I set up a new Hadoop Cluster (containing 6 machines) with HDP 2.5. The Installation worked well and the first minutes everything seemed to work properly. But after a few minutes, two of the HBase services stopped working:
- HBase / host1.mydomain.de
- HBase Master Process: Connection failed [Errno 111] Connection refuced to host1.mydomain.de
- HBase / host6.mydomain.de
- HBase RegionServer Process: Connection failed [Errno 111] Connection refused to host6.mydomain.de
As I googled around for this issue, I found these tips:
- check and enable NTPD (enabled before installation, still disabled)
- check and disable Firewall (disabled before installation, still disabled)
- check and disable SELinux (disabled before installation, still disabled)
The point is, that all services were running at the beginning, so the services listed above should be configured correctly!
I can say the following to my cluster configuration:
- the Ambari-Server host (host1) can reach all oher hosts by ping and can connect password-less per SSH
- installed components are HDFS, YARN, MR2, Tez, Hive, HBase, Pig, ZooKeeper, AmbariMetrics, Knox, Spark, Slider
- I left all the default settings during installation, and I have ignored the following warning:
The log file /var/log/hbase/hbase-hbase-master-host1.domain.de.log
contains the followng snippet (IP addresses are blackened by a.a.a.a / b.b.b.b / x.x.x.x / y.y.y.y / z.z.z.z):
2016-11-22 18:50:53,007 INFO [master/host1.xxx.de/xxx.xxx.xxx.xxx:16000] client.ZooKeeperRegistry: ClusterId read in ZooKeeper is null
2016-11-22 18:51:59,581 INFO [Thread-70] hdfs.DFSClient: Exception in createBlockOutputStream
java.io.IOException: Got error, status message , ack with firstBadLink as bbb.bbb.bbb.bbb:50010
at org.apache.hadoop.hdfs.protocol.datatransfer.DataTransferProtoUtil.checkBlockOpStatus(DataTransferProtoUtil.java:140)

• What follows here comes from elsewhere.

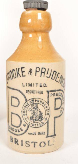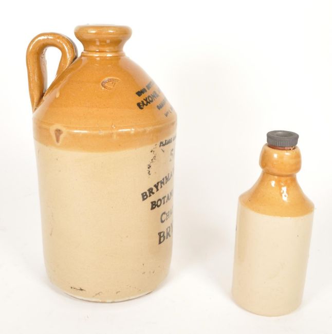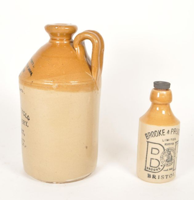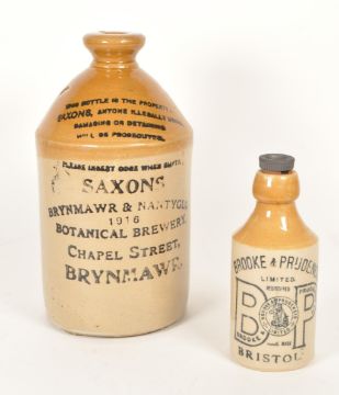 Early 20th century stoneware wine flagons. Saxons Brynmawr & Nantyglg 1916 botanical brewery. Chapel Street. Brooke & Prudencio Limited, Bristol.
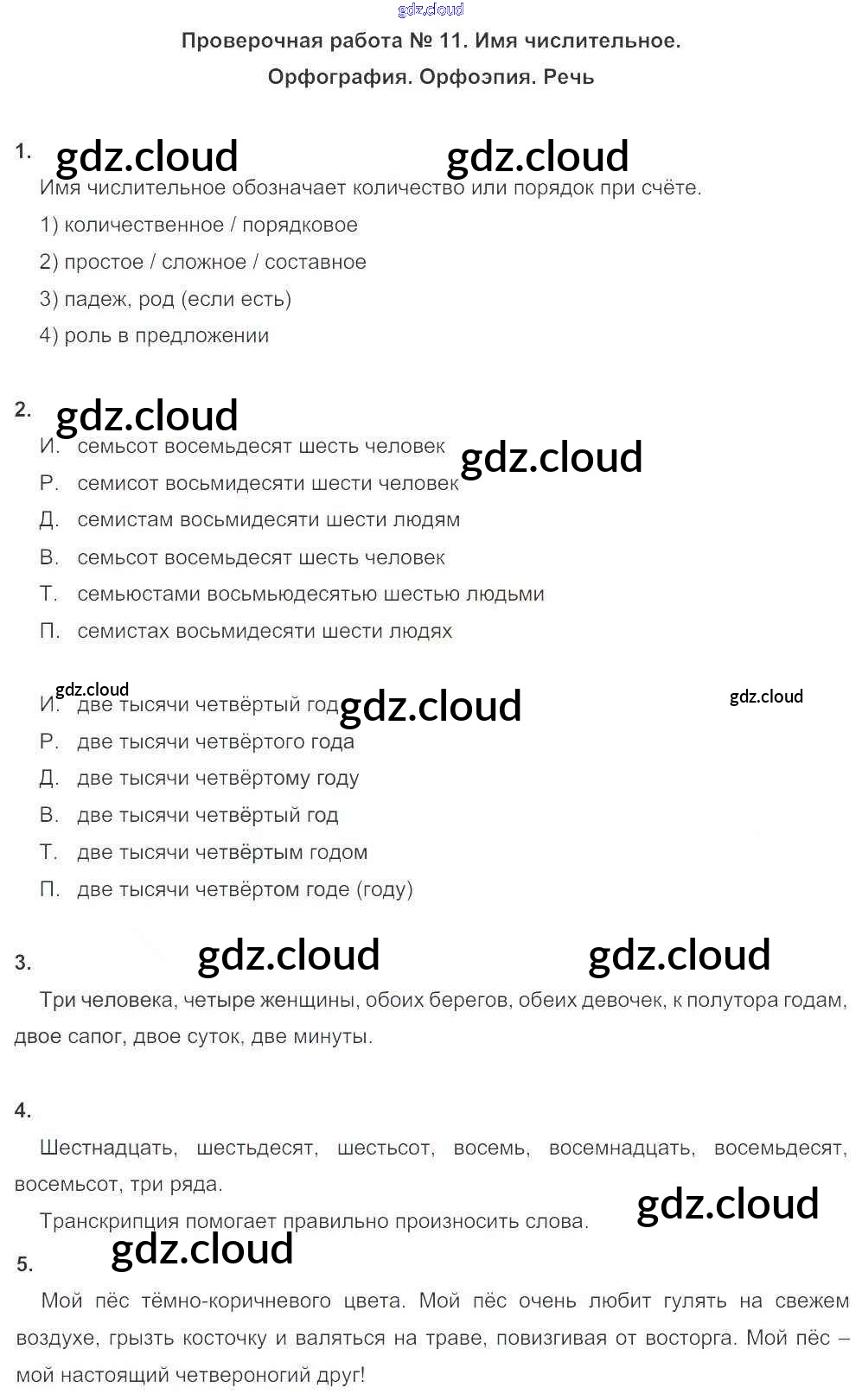 Ответ на задание ПР №11. Имя числительное. Орфография. Орфоэпия. Речь Тетрадь для оценки качества знаний Русский язык за 6 (шестой) класс Львов Вертикаль 2015

at org.apache.hadoop.hdfs.DFSOutputStream$DataStreamer.createBlockOutputStream(DFSOutputStream.java:1393)
at org.apache.hadoop.hdfs.DFSOutputStream$DataStreamer.nextBlockOutputStream(DFSOutputStream.java:1295)
at org.apache.hadoop.hdfs.DFSOutputStream$DataStreamer.run(DFSOutputStream.java:463)
2016-11-22 18:51:59,584 INFO [Thread-70] hdfs.DFSClient: Abandoning BP-90489822-xxx.xxx.xxx.xxx-1479836232259:blk_1073741825_1001
2016-11-22 18:51:59,597 INFO [Thread-70] hdfs.DFSClient: Excluding datanode DatanodeInfoWithStorage[bbb.bbb.bbb.bbb:50010,DS-7691d8f6-0c76-4780-9836-85f20f935dd6,DISK]
2016-11-22 18:52:33,674 INFO [Thread-70] hdfs.DFSClient: Exception in createBlockOutputStream
java.io.IOException: Got error, status message , ack with firstBadLink as zzz.zzz.zzz.zzz:50010
at org.apache.hadoop.hdfs.protocol.datatransfer.DataTransferProtoUtil.checkBlockOpStatus(DataTransferProtoUtil.java:140)
at org.apache.hadoop.hdfs.DFSOutputStream$DataStreamer.createBlockOutputStream(DFSOutputStream.java:1393)
at org.apache.hadoop.hdfs.DFSOutputStream$DataStreamer.nextBlockOutputStream(DFSOutputStream.java:1295)
at org.apache.hadoop.hdfs.DFSOutputStream$DataStreamer.run(DFSOutputStream.java:463)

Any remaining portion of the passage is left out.